---------- Records for processing
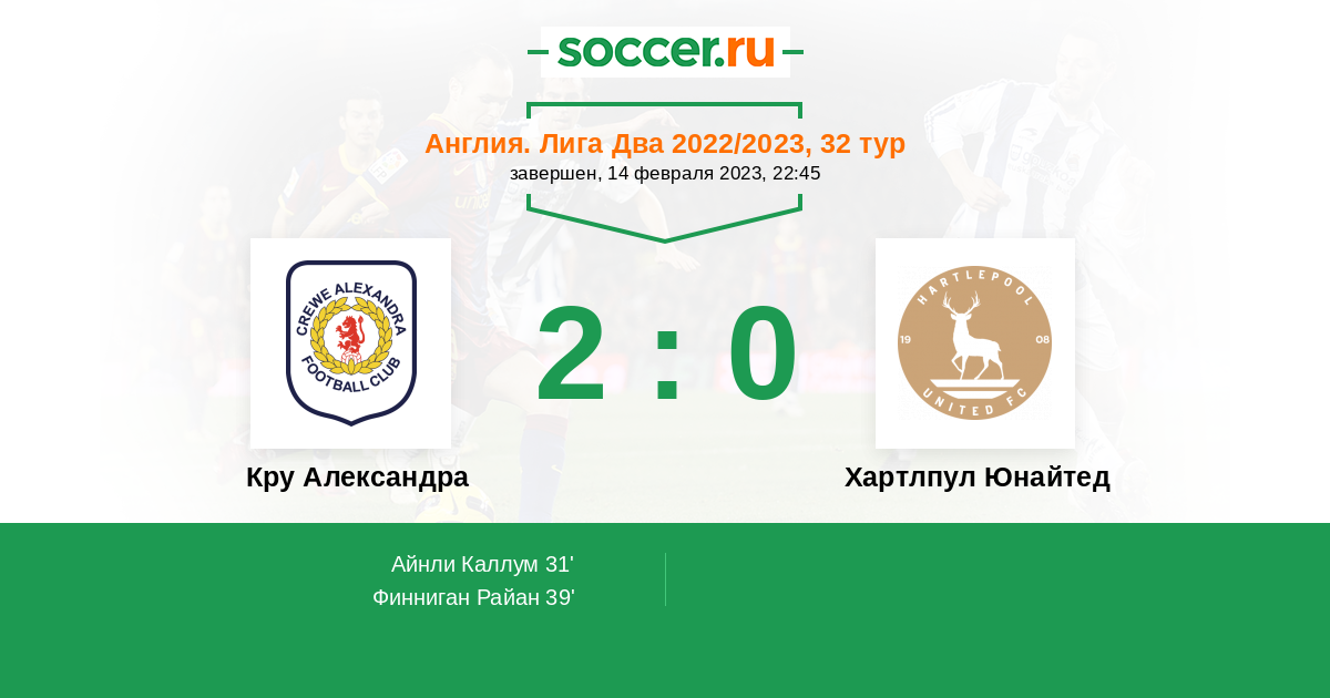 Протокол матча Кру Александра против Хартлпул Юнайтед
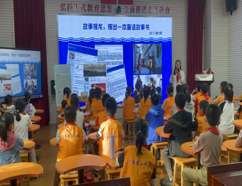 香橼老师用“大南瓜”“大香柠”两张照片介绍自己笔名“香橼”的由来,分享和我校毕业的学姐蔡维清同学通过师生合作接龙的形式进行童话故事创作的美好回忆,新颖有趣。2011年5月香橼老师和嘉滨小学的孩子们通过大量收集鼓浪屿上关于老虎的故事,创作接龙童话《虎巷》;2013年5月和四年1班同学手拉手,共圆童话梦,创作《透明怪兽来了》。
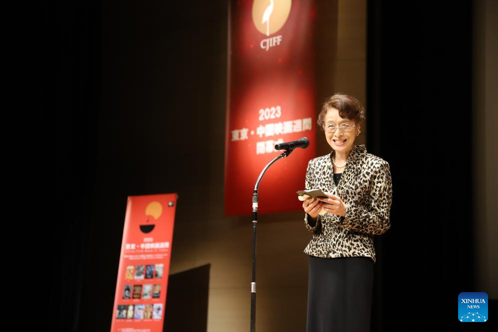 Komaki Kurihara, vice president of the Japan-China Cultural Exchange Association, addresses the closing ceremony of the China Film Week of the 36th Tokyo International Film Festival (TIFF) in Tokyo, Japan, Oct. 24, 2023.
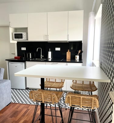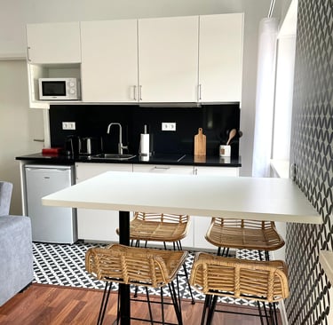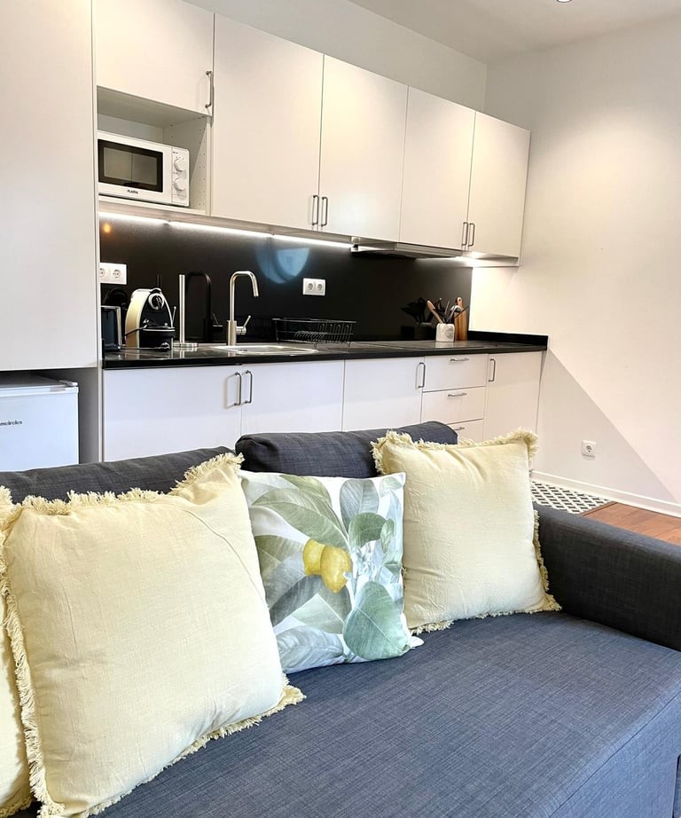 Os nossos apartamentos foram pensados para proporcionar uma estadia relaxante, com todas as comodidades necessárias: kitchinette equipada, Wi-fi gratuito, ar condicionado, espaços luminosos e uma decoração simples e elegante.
--------------------
---------- Records for processing
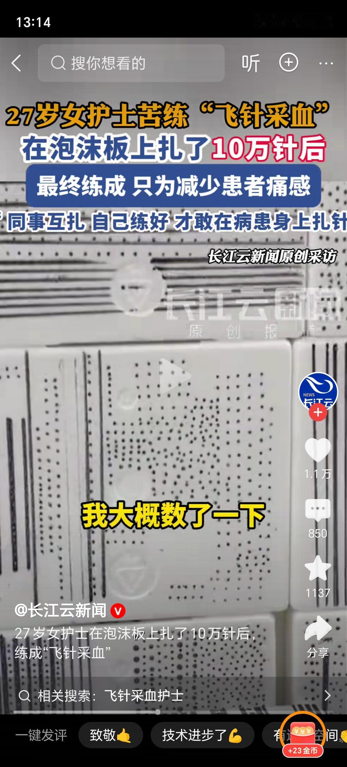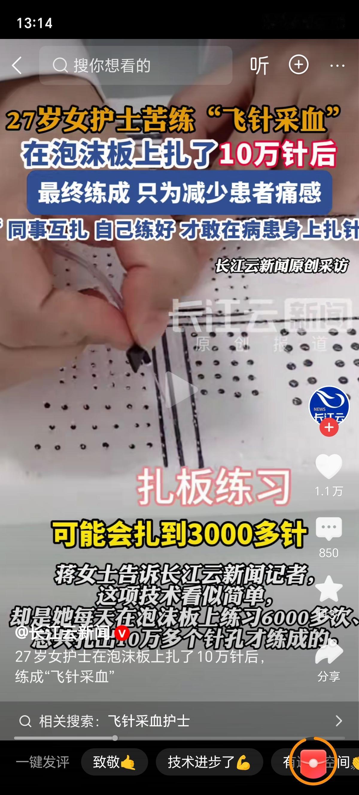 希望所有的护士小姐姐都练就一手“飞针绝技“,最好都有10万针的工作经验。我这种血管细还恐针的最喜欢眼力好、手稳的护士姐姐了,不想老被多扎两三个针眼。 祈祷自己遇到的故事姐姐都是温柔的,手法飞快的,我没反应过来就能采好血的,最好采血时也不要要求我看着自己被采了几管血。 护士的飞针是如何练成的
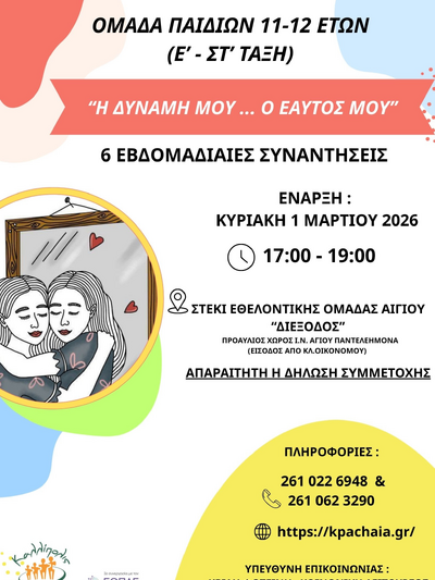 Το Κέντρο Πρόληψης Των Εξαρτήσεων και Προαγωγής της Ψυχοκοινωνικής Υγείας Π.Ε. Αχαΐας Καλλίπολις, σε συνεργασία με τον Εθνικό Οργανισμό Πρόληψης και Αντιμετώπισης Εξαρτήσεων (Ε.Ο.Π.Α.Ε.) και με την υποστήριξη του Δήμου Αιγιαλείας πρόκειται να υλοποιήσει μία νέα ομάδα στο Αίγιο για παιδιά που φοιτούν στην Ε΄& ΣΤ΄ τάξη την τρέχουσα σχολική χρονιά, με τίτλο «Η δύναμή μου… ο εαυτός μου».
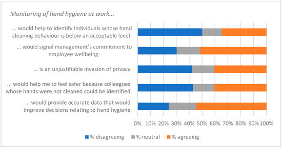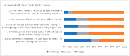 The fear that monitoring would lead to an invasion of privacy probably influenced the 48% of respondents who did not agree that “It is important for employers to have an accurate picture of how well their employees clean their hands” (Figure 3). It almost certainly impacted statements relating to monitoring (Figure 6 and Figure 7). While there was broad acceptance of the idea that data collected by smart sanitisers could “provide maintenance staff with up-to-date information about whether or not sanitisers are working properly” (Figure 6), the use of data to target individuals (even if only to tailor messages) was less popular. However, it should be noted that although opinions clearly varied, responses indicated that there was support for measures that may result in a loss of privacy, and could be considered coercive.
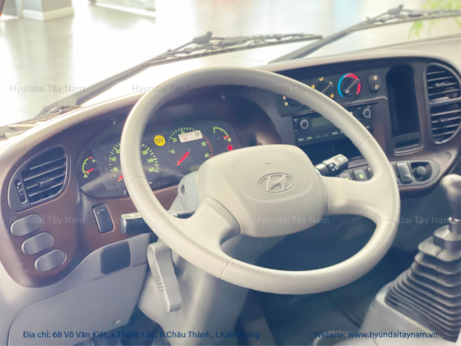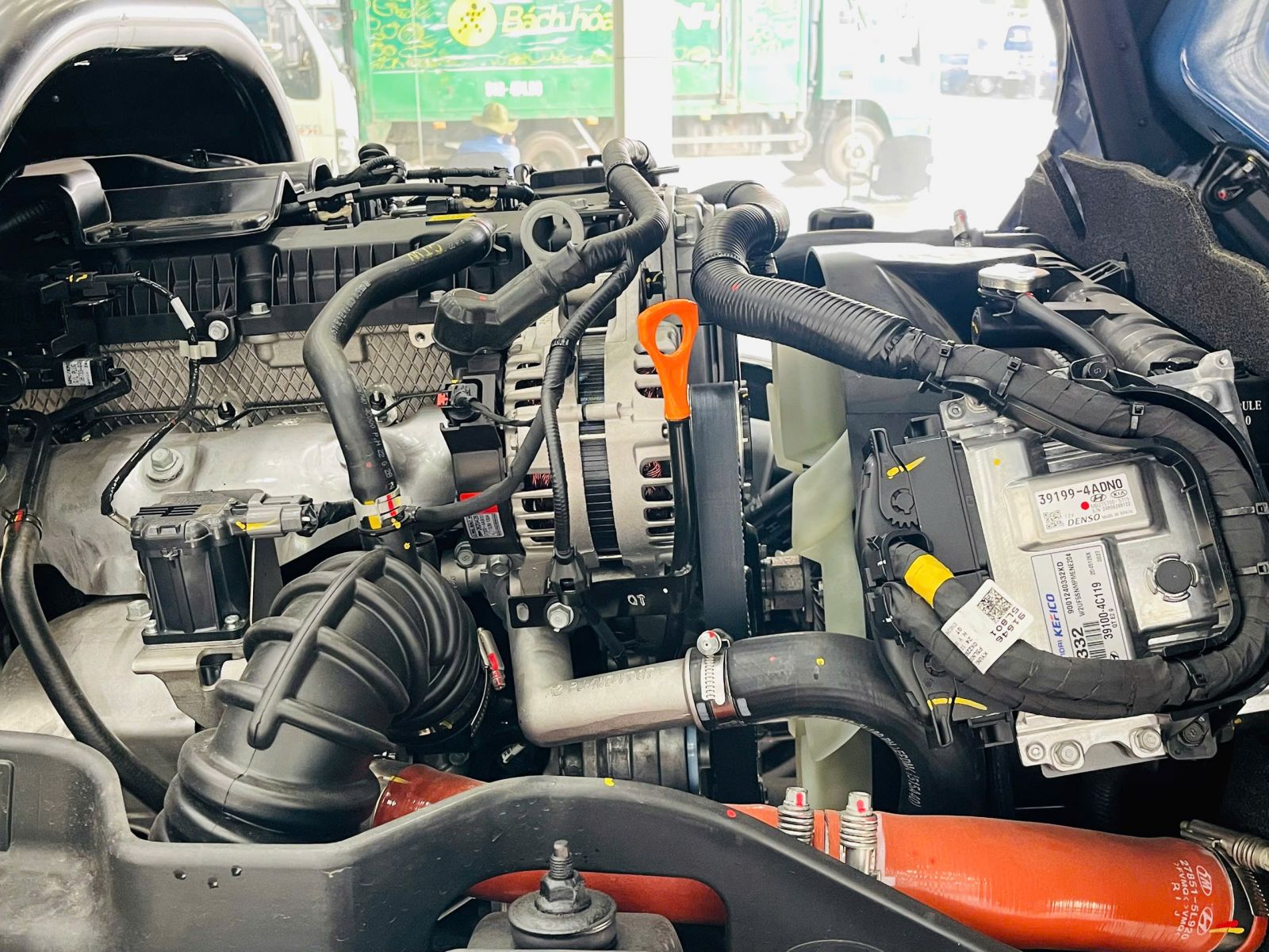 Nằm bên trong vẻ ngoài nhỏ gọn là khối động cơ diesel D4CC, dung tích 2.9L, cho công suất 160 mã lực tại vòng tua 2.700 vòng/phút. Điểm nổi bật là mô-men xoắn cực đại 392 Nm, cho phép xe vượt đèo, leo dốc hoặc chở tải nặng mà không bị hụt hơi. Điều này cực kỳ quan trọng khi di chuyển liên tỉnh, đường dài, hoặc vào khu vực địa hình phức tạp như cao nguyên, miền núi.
--------------------
* [Work instruction] Could you write out exactly the lines of the data above that run from the one holding "Протокол матча Кру" to the one holding "Os nossos apartamentos", with both ends in and all pictures out?

* [Exercise solution]
 Протокол матча Кру Александра против Хартлпул Юнайтед
 香橼老师用“大南瓜”“大香柠”两张照片介绍自己笔名“香橼”的由来,分享和我校毕业的学姐蔡维清同学通过师生合作接龙的形式进行童话故事创作的美好回忆,新颖有趣。2011年5月香橼老师和嘉滨小学的孩子们通过大量收集鼓浪屿上关于老虎的故事,创作接龙童话《虎巷》;2013年5月和四年1班同学手拉手,共圆童话梦,创作《透明怪兽来了》。
 Komaki Kurihara, vice president of the Japan-China Cultural Exchange Association, addresses the closing ceremony of the China Film Week of the 36th Tokyo International Film Festival (TIFF) in Tokyo, Japan, Oct. 24, 2023.
 Os nossos apartamentos foram pensados para proporcionar uma estadia relaxante, com todas as comodidades necessárias: kitchinette equipada, Wi-fi gratuito, ar condicionado, espaços luminosos e uma decoração simples e elegante.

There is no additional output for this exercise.